Разбираясь с «грамматикой правдоподобия» и с «грамматикой нормальности», Болтански упоминает и «проклятье Поппера», сформулированное в 1949 году.

Оно указывает на «главный недостаток социальных наук в том, что они выбирают для изучения поведение “социальных целостностей”, таких как “группы, нации, классы, сообщества, цивилизации”. Подобный “наивный коллективизм нужно заменить требованием, гласящим, что социальные феномены, включая коллективы, следует анализировать сводя их к индивидам, их действиям и отношениям между ними”»(381), поскольку «социальные группы нельзя рассматривать как просто агрегаты, составленные из личностей. Социальная группа больше простой суммы своих членов и больше суммы всех личных отношений, существующих в любой данный момент времени между любыми членами группы…» (379)

С одной стороны, Поппер формулирует главную задачу теоретических социальных наук, внутри которых Болтански и работает - «выявить ненамеренные социальные последствия интенциональных человеческих действий, т.е. действий индивидов, обладающих волей и совершающих интенциональные поступки в зависимости от мотивов и личных интересов»(383), но, с другой, констатирует, что заговоры в мире действительно существуют.

Проблема даже не в том, что выявить и описать такие локальные структуры достаточно тяжело, а в условиях эксперимента: «социальный мир рассматривается не в процессе становления, а исходя из принципа тотальности, словно он уже есть…»(421)
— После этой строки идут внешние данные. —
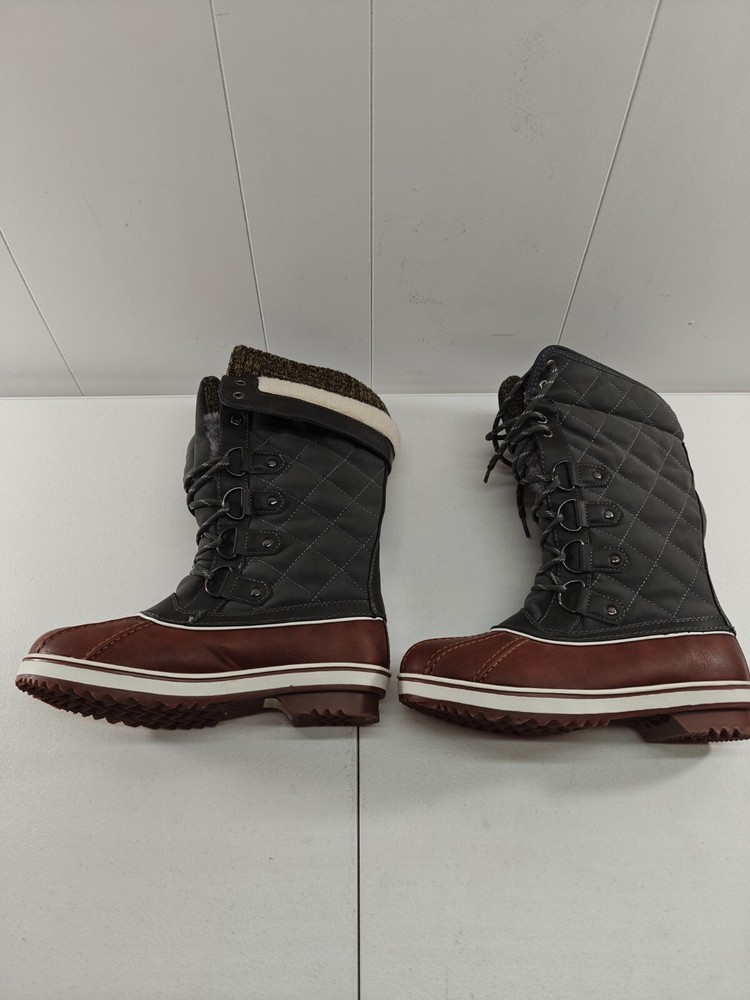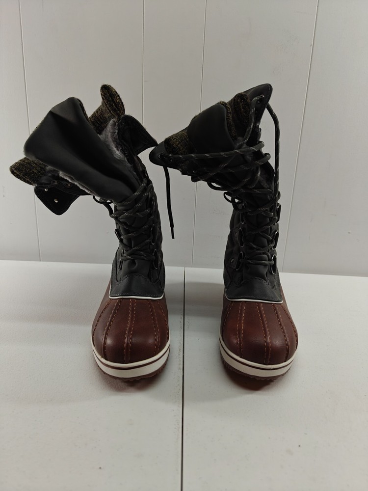 Dream Pairs Mid Calf Lace Up Snow Boots Womens Size 6 US TAN KHAKI. Boots only worn once, never worn outside. "Like new" condition. They are oddly curved due to the way they were stored. This does not affect the fitment or form in any way.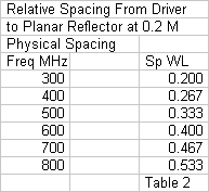 The most fundamental question in the present context concerns the useful frequency range for a given planar reflector. Planar reflectors with ordinary drivers having modest bandwidths showed remarkably stable operating characteristics across the SWR bandwidths. However, none of the drivers stressed either the spacing between the driver and the reflector or the reflector size within the limits of operation. Hence, none of the drivers provided data on the potential limits of a planar reflector.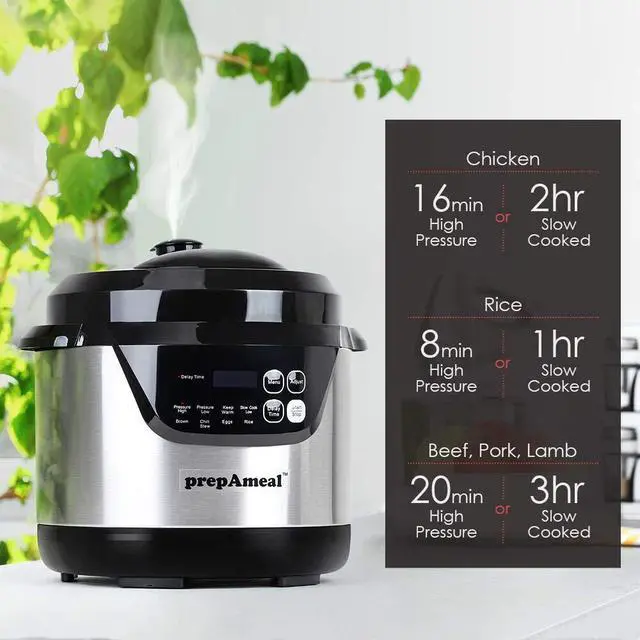User-friendly digital display shows cooking time, button indicator lights, and one-touch settings to adjut time, temperature, and pressure easily.

Чем дальше Болтански уходит от литературных примеров (детективы в последних главах практически не упоминаются), углубляясь в свои, сугубо социологические мета-тёрки, тем «Тайны и заговоры» становятся всё более специфическими и вязкими.
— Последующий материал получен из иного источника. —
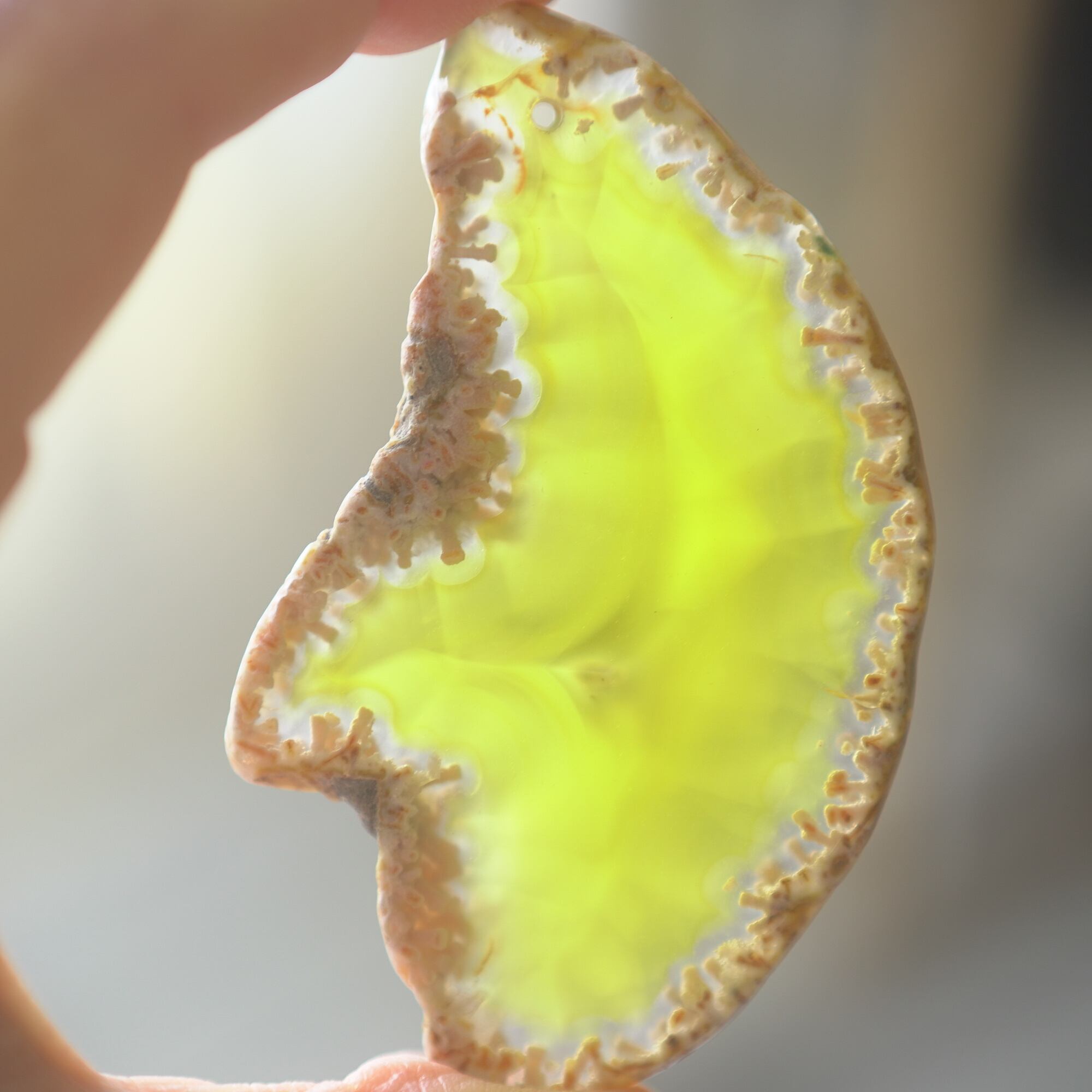 ✧✧✧染色の石なので耐光性(光による経年でのカラー変化の耐性)に優れているわけではなく一日の中で長時間強い日光に当たるような場所に飾られるのはおすすめしないのですが、陽光に透かした時にだけ真価を発揮する美しさがありますので、是非たまに翳したりして光と一緒にお楽しみいただけたらと思っております。特に濃い鮮やかな色など、気になられる場合は、日光のあまり当たらない場所に飾っていただけたらと思います✧✧✧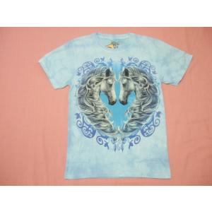 横浜最新 素敵な2頭の白馬♪魅惑の夜光仕上げTシャツ ブルー絞り柄 サイズ M 送料無料hei89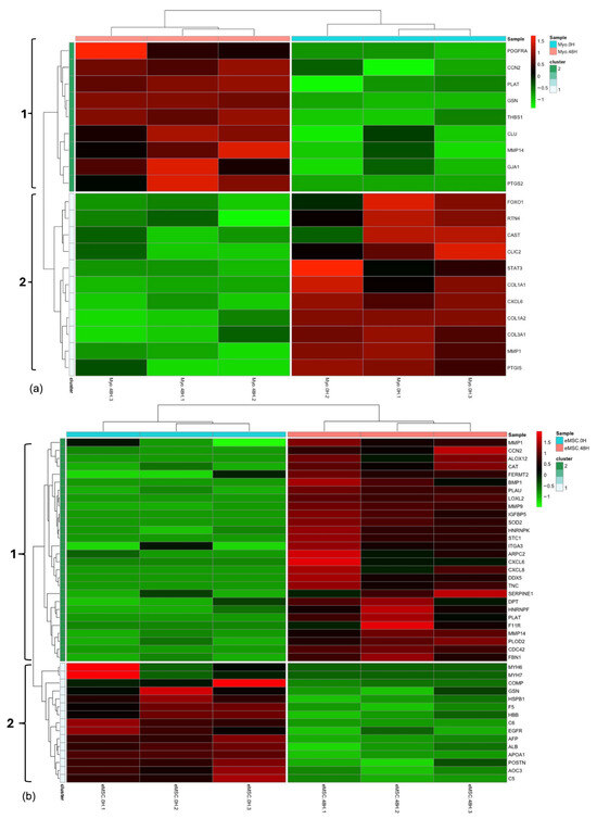 The heatmap (Figure 5b) presents the analysis of differentially abundant proteins in secretome samples from ET-eMSC preconditioned with PGE2 (eMSC.0H) and after 48 h of co-culture with myofibroblasts (eMSC.48H). Hierarchical clustering revealed two distinct clusters, with high-abundance proteins displayed in red and low-abundance proteins in green.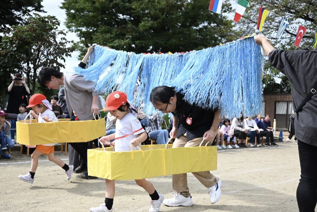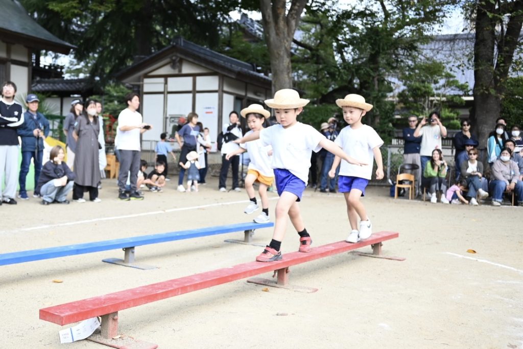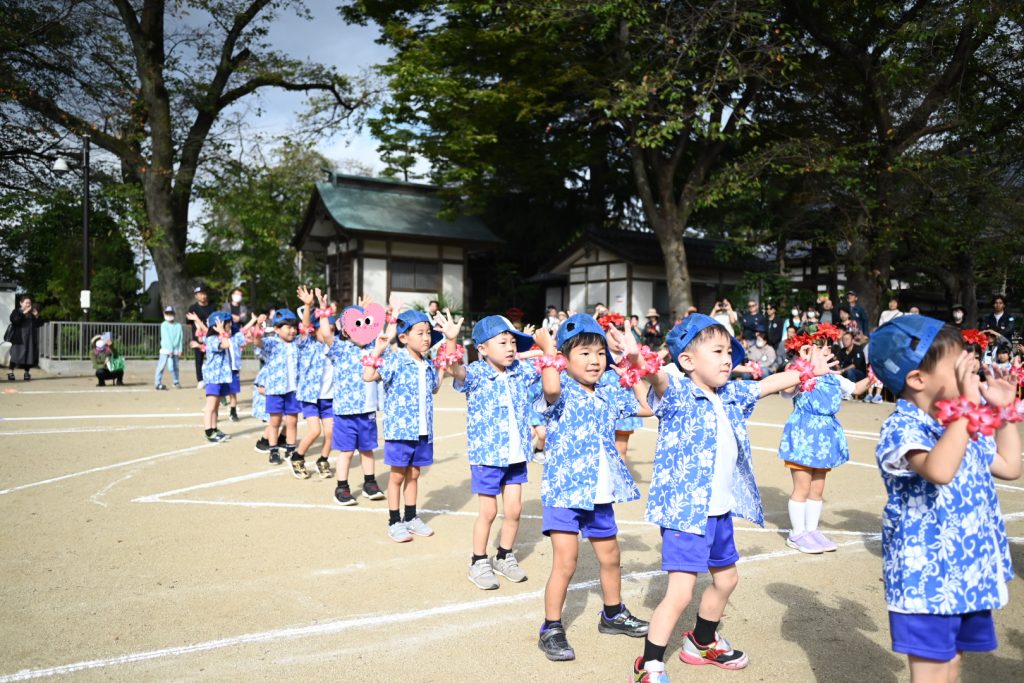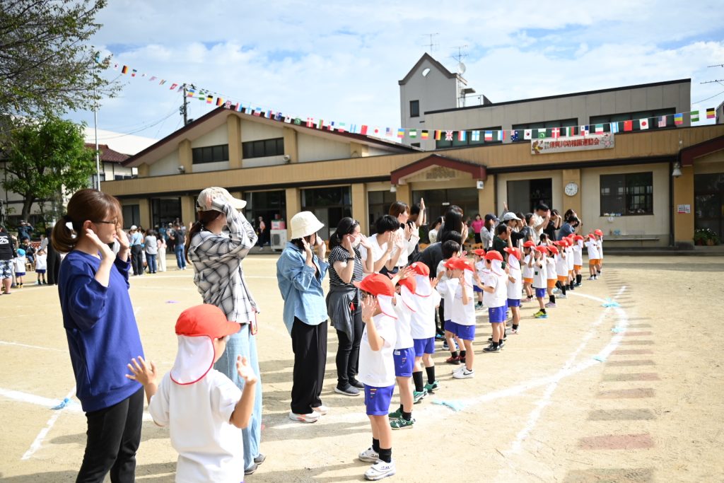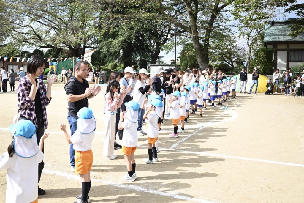 子どもたちはおうちの人を前に、にこにこ元気に頑張りました!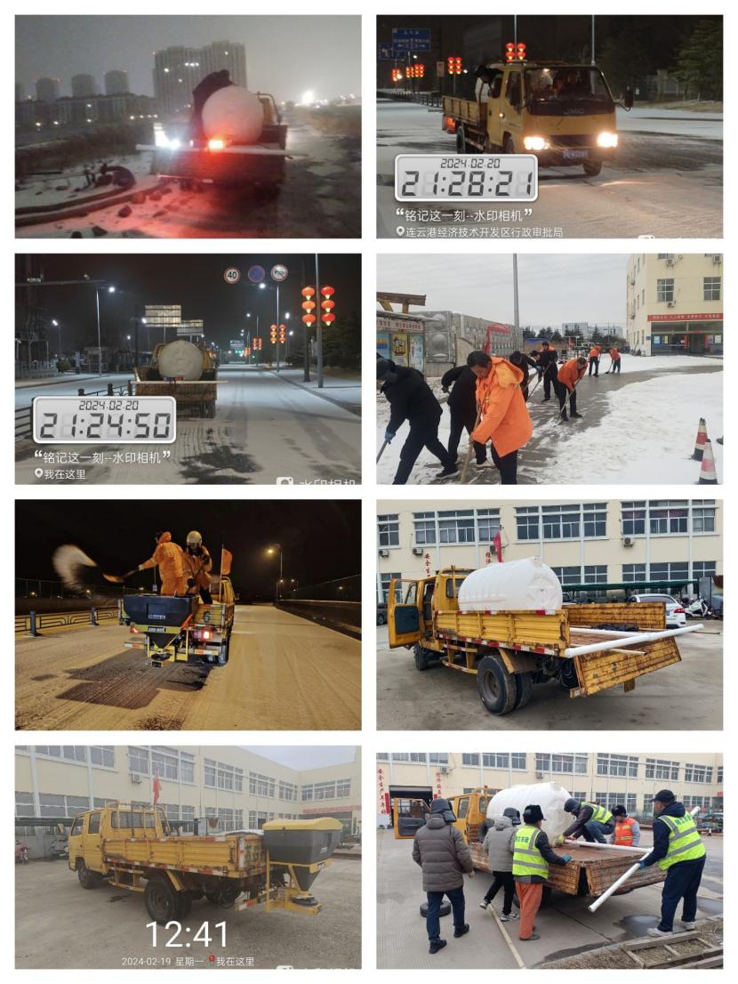 ? ? 20日傍晚夜色降臨后,一場凍雨如約而至,翔立分公司應急小分隊開著儲滿鈣液的拋灑車沿著花果山大道緩慢前行,將融雪神液均勻的拋灑在主干道上,保障著第二天來往車輛的順利通過。夜晚時分,呼嘯的北風伴隨著凍雨傾泄而來,氣溫驟降,室外溫度已速降十幾度滴水成冰,鈣液拋灑車內(nèi)溫度也已經(jīng)零度以后,翔立職工丁祥生、王愛軍、張成等人冒著低溫凍手凍腳的不便,熟練的操作著車輛一路拋灑保障每個路段都有融雪劑不結(jié)冰。

У книги есть эпиграф из Борхесовской «Темы предателя и героя» (и в этом тоже Болтански следует Фуко), об истории, непостижимо копирующей литературу.
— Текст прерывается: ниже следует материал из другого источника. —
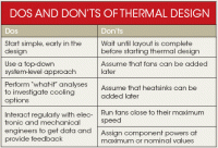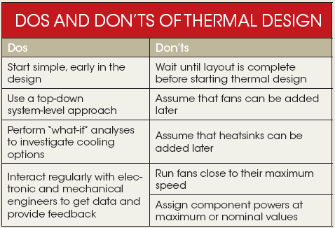 热设计方面有两条基本原则:尽早尽简。由元件结点至环境的热流通路(译注:也称热阻)决定了元件的温度,其中环境通常是指局部环境的空气温度。因此元件温度的控制属于系统设计层面的问题。在产品热设计过程中工程师应采用自上而下的方法来提升产品的可靠性(见下表)。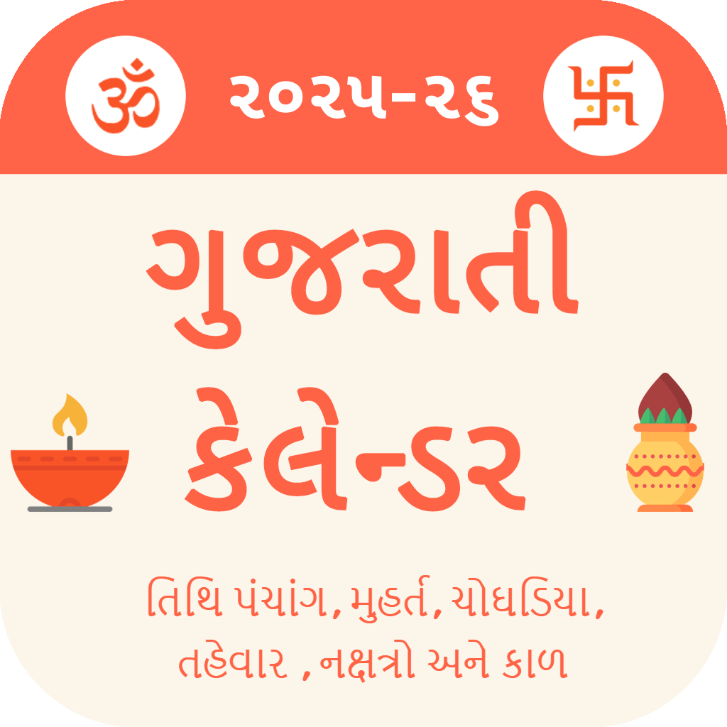 રોજની તિથિ, નક્ષત્ર, રાશિ, તહેવારો, વ્રત કથા અને તમારા સ્થળ મુજબનું ચોઘડિયું — સુંદર અને સરળ ગુજરાતી કેલેન્ડરમાં.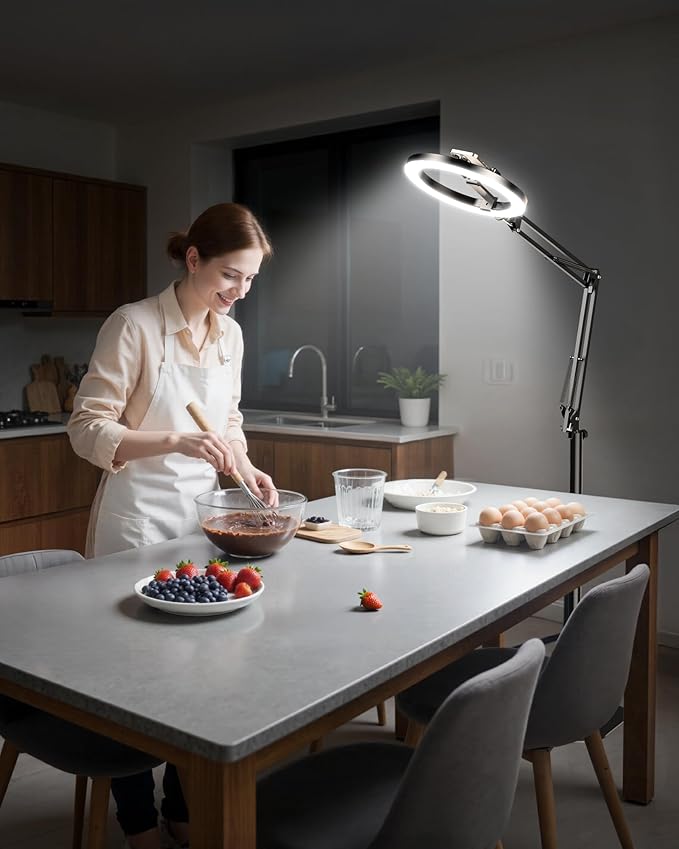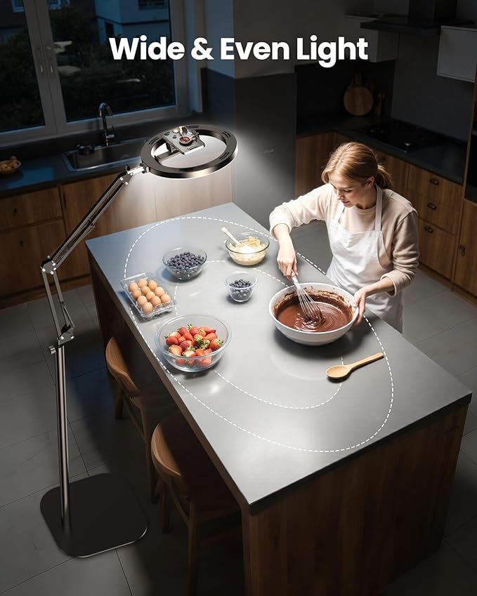 - Super Flexible & Shoot at Any Angle: The ultra-flexible arm on this overhead camera mount tilts, swivels, and extends in just 1 second—offering wider lighting coverage than standard stands. Easily capture overhead cooking, angled tutorials, or full-table DIY without moving your setup

В этой фразе сначала обращаешь внимание на уподобление исторических процессов развитию литературных жанров, которое и было положено Болтански в качестве корневой метафоры своей книги, а добравшись до финала (интонационно тоже весьма фукианской) спотыкаешься о слово «непостижимо».

То есть, Болтански ещё до начала своих текстуальных исследований оказывается уверенным в тщете своих намерений и в бесплодности науки, которую представляет: она, де, не в состоянии сделать видимыми или, хотя бы, явными, неокончательные, текучие и постоянно дрейфующие процессы внутри наших социумов.

И тут, в конце рецензии, конечно, нужна какая-то виньетка или остроумная штучка, возвращающая Болтански его перчатку - с уподоблением критической социологии коммерческому детективу, но, честно говоря, ненапряжное чтение «Тайн и заговоров» отняло у меня массу времени и сил, поэтому пора уже прекратить дозволенные речи и перейти к книгам, что ли, более земным и прагматически явным, конкретным.